● Work task
Starting at the line below holding "The Nash Ballpoint" and stopping at the line holding "Lucite Midcentury Modern", print every line exactly, both ends included, and leave the rest out.

● Record set

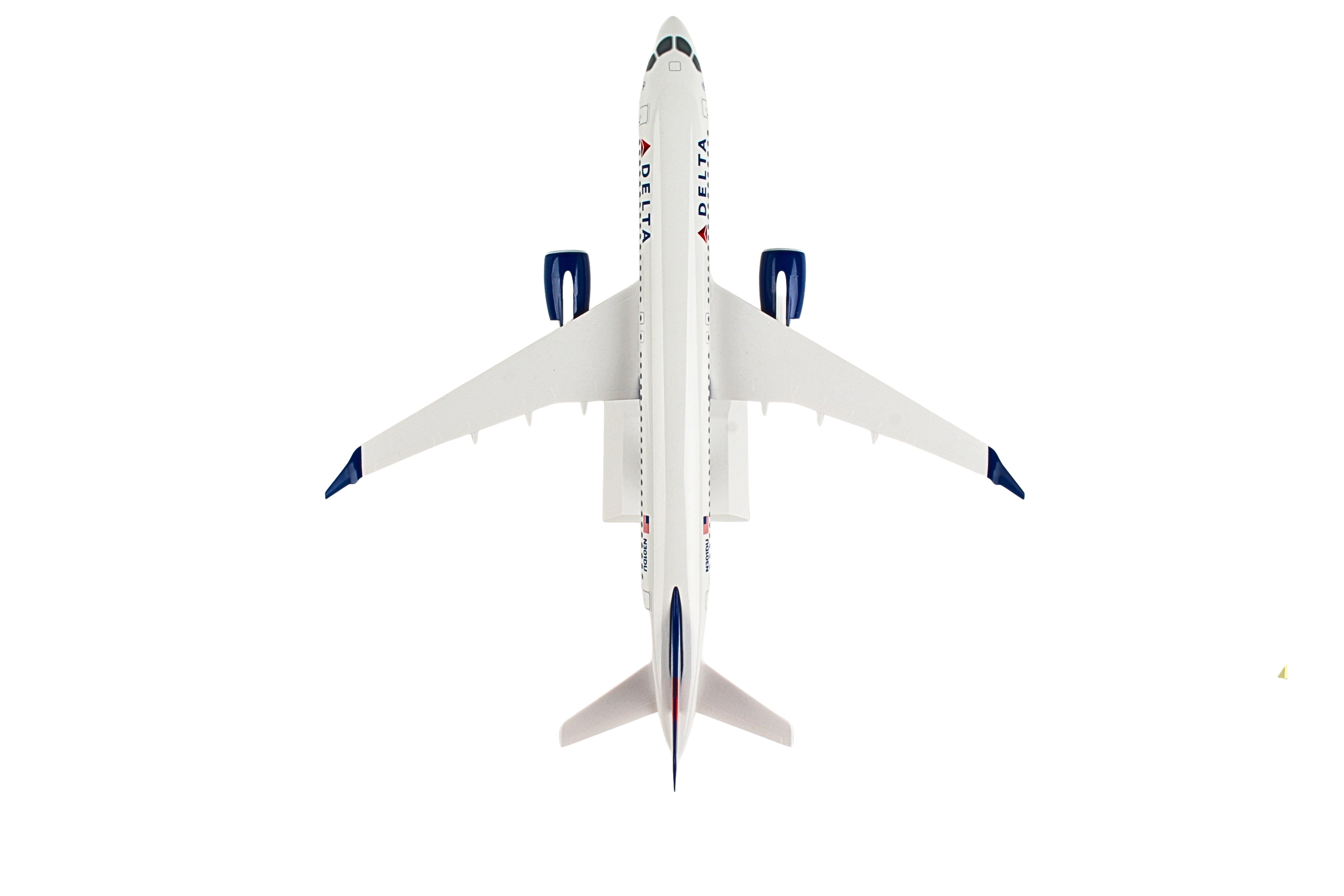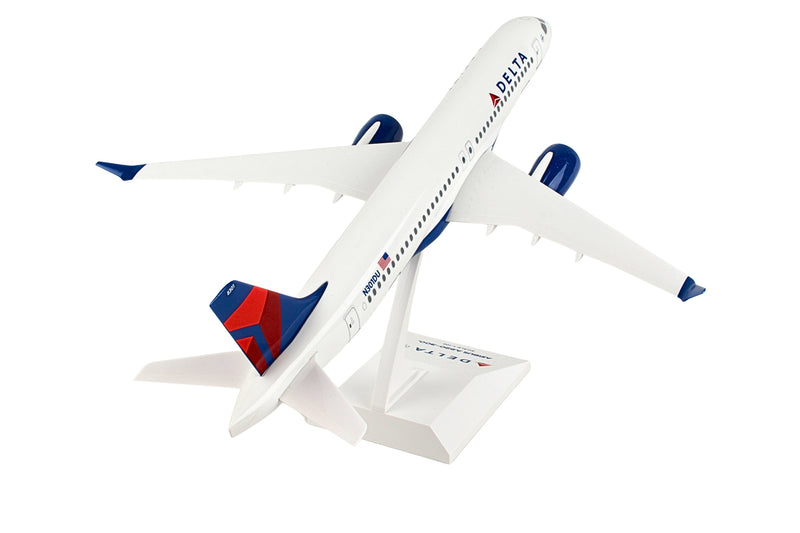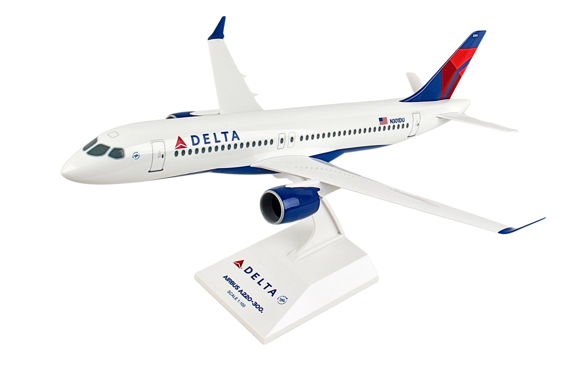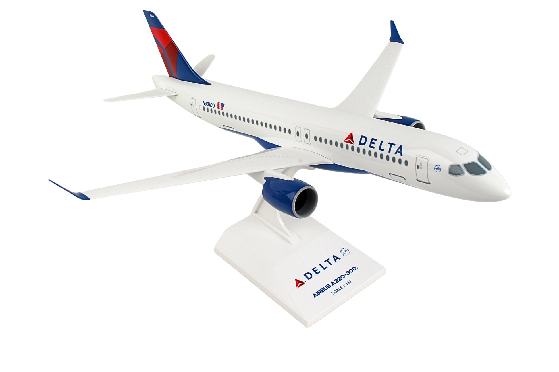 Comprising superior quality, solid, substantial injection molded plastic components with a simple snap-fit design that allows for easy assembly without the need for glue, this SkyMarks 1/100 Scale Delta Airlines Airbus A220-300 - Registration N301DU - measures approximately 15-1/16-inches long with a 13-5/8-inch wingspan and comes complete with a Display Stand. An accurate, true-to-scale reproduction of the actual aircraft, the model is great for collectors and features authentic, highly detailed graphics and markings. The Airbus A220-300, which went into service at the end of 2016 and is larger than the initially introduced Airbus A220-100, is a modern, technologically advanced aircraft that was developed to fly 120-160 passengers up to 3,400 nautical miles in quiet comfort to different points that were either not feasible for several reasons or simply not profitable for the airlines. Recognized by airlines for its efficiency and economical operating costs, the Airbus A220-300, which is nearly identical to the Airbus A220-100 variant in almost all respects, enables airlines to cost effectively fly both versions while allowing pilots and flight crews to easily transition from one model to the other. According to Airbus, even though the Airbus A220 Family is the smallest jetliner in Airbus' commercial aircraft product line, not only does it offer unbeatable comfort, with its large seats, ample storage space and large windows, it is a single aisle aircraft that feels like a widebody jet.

* * *

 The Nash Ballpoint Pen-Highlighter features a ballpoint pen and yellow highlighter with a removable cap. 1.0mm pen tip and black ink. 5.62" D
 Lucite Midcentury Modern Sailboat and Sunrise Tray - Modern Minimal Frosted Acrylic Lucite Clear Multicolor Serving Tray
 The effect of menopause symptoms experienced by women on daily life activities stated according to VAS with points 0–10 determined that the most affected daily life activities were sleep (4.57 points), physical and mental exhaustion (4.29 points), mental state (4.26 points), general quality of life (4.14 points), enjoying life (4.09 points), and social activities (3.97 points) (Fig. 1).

● Solution to this exercise
 The Nash Ballpoint Pen-Highlighter features a ballpoint pen and yellow highlighter with a removable cap. 1.0mm pen tip and black ink. 5.62" D
 Lucite Midcentury Modern Sailboat and Sunrise Tray - Modern Minimal Frosted Acrylic Lucite Clear Multicolor Serving Tray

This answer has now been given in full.